*Data under study*:
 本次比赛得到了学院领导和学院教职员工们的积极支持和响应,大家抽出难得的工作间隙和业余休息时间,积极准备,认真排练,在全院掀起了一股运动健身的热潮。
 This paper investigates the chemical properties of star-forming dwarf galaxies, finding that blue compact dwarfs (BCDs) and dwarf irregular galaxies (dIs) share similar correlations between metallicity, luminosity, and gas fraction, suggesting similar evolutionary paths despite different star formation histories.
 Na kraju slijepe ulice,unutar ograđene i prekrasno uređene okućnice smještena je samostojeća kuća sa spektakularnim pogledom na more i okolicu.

--

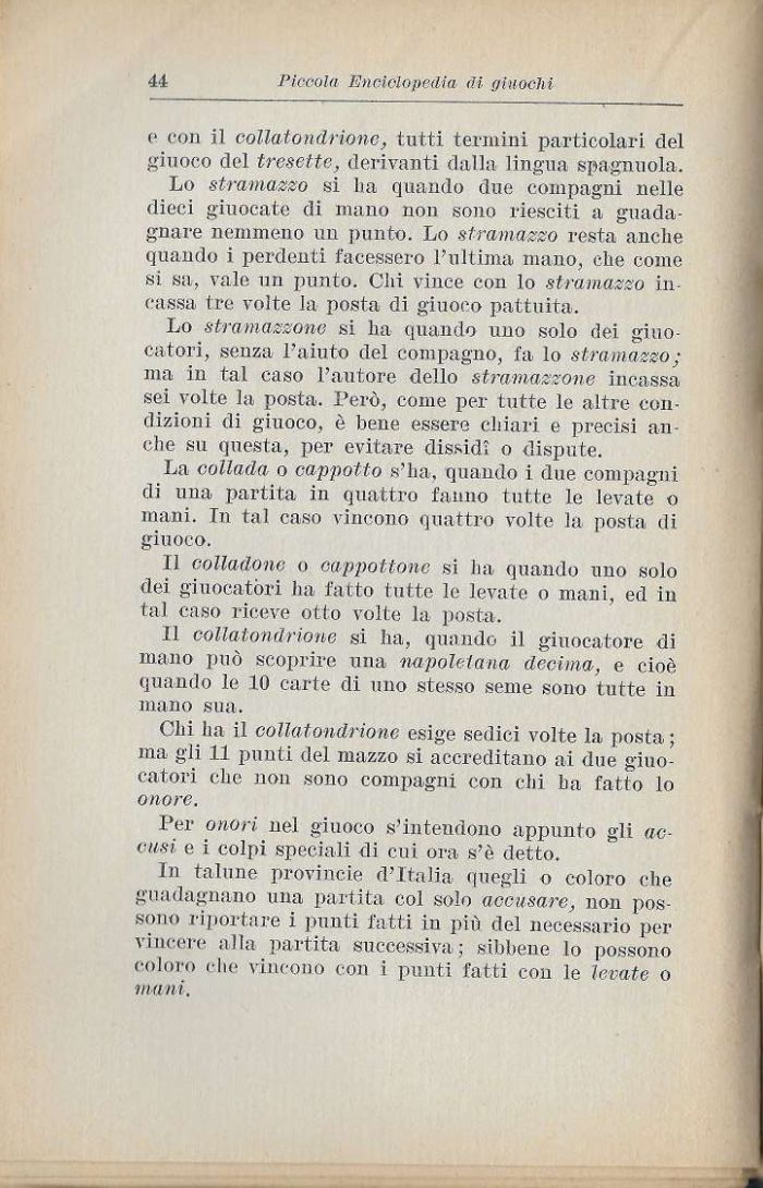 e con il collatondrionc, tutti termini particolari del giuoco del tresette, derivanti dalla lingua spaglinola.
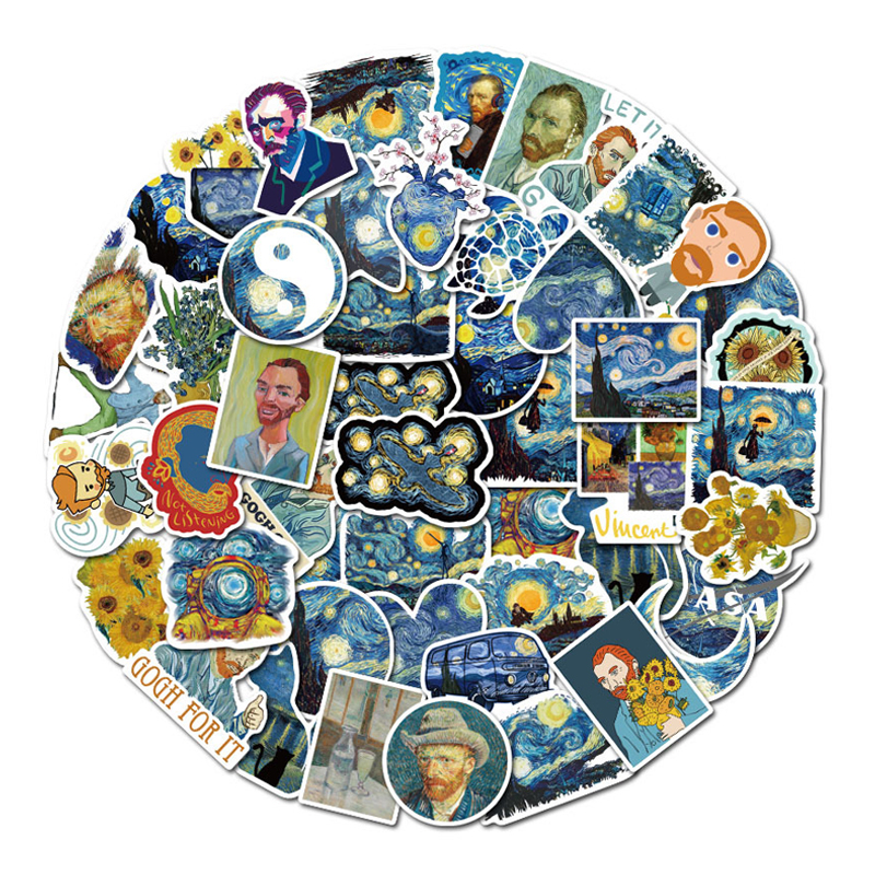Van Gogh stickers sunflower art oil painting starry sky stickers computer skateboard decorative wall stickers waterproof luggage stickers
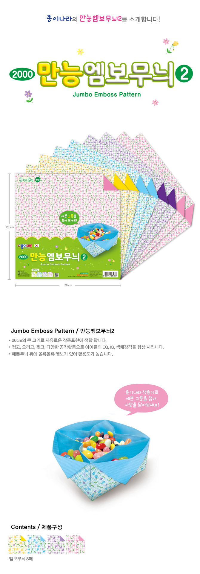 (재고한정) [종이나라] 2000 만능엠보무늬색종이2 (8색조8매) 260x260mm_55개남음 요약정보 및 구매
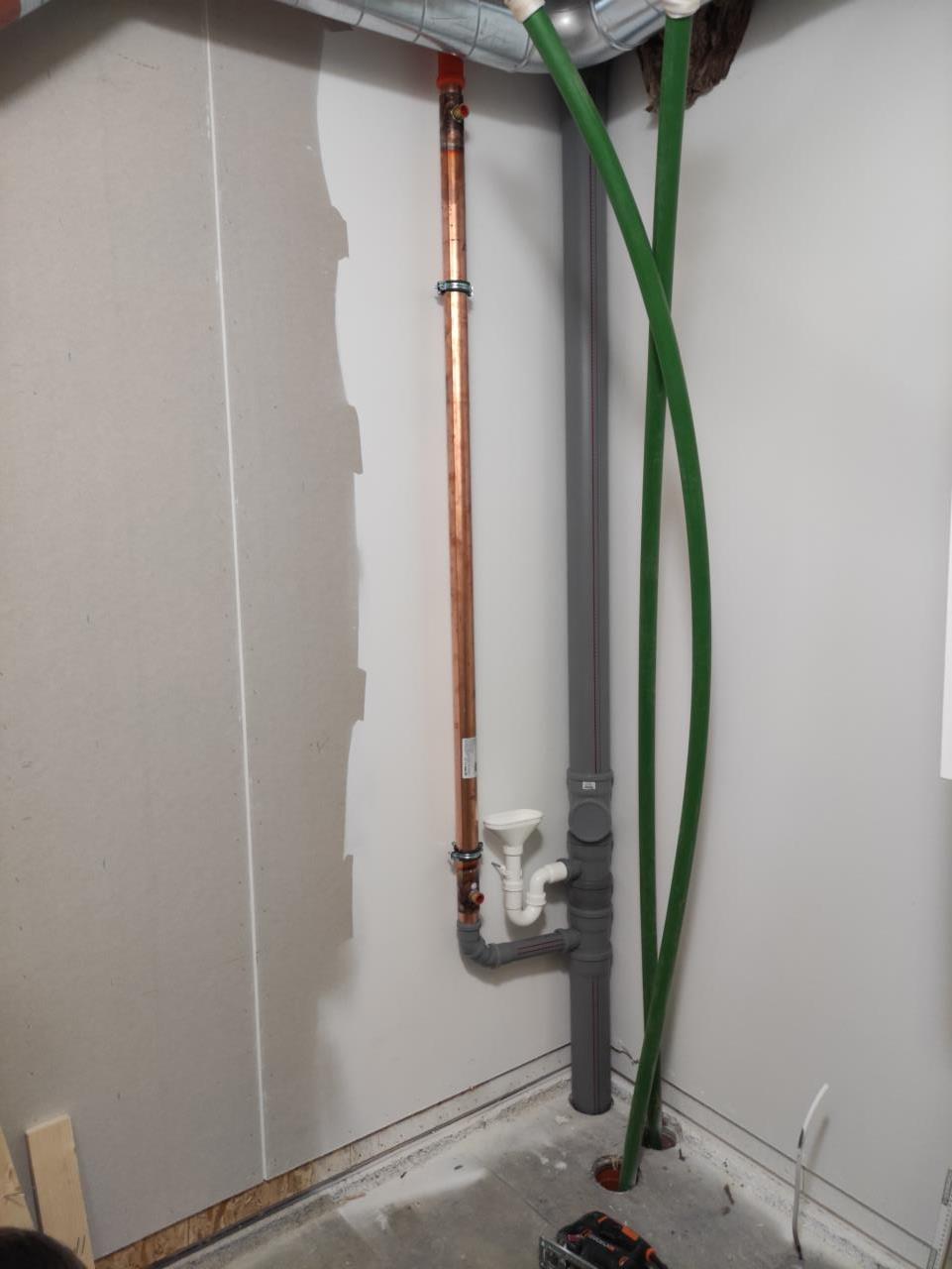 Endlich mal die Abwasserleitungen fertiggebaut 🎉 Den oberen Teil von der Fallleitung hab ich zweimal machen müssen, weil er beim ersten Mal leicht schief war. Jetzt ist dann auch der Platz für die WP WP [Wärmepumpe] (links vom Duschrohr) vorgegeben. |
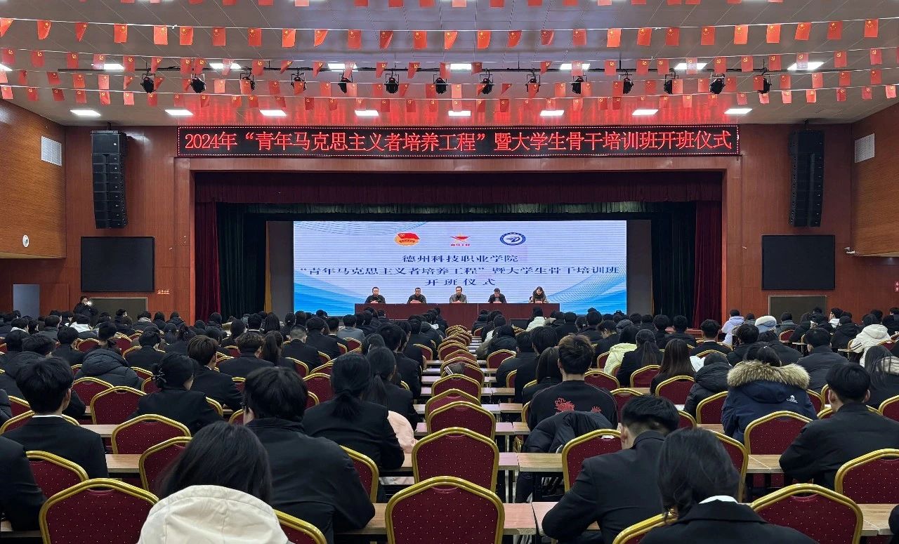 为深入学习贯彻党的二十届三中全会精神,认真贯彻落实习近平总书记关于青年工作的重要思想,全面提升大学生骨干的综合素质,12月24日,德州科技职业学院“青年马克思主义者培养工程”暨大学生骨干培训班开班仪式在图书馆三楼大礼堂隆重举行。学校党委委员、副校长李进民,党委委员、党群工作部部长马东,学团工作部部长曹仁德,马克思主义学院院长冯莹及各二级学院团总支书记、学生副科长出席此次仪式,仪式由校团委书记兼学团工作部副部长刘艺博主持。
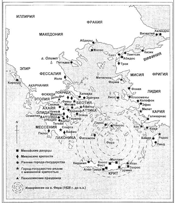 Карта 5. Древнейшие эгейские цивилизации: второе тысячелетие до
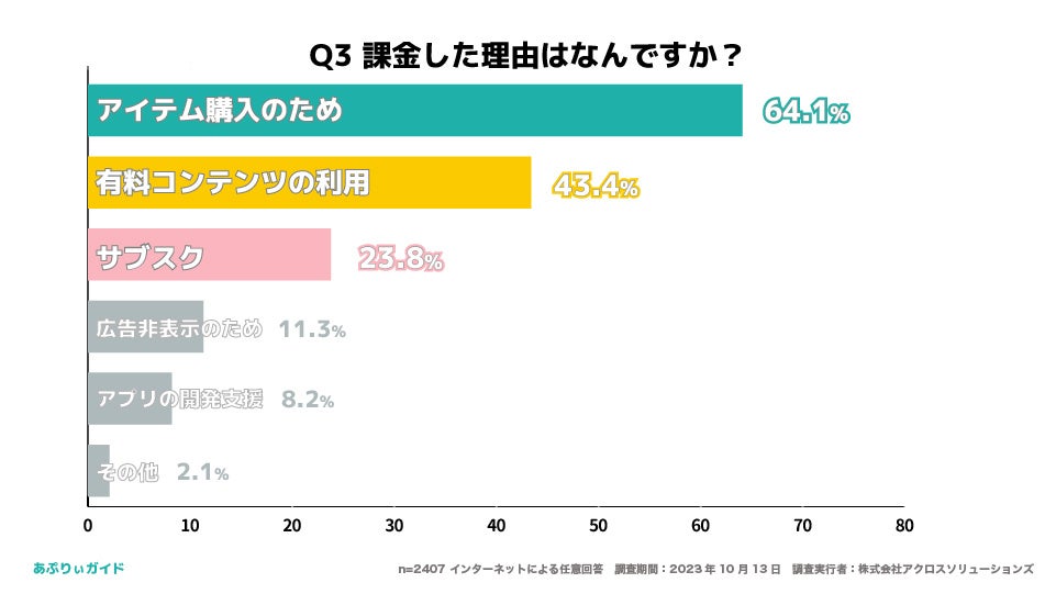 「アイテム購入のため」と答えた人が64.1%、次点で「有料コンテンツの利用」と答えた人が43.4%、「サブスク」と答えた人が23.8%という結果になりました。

*What is being asked*: Write back word for word every line in the entries above from the one with "为深入学习贯彻党的二十届三中" to the one with "Карта 5. Древнейшие", ends included, and none of the pictures.

*Result below*:
 为深入学习贯彻党的二十届三中全会精神,认真贯彻落实习近平总书记关于青年工作的重要思想,全面提升大学生骨干的综合素质,12月24日,德州科技职业学院“青年马克思主义者培养工程”暨大学生骨干培训班开班仪式在图书馆三楼大礼堂隆重举行。学校党委委员、副校长李进民,党委委员、党群工作部部长马东,学团工作部部长曹仁德,马克思主义学院院长冯莹及各二级学院团总支书记、学生副科长出席此次仪式,仪式由校团委书记兼学团工作部副部长刘艺博主持。
 Карта 5. Древнейшие эгейские цивилизации: второе тысячелетие до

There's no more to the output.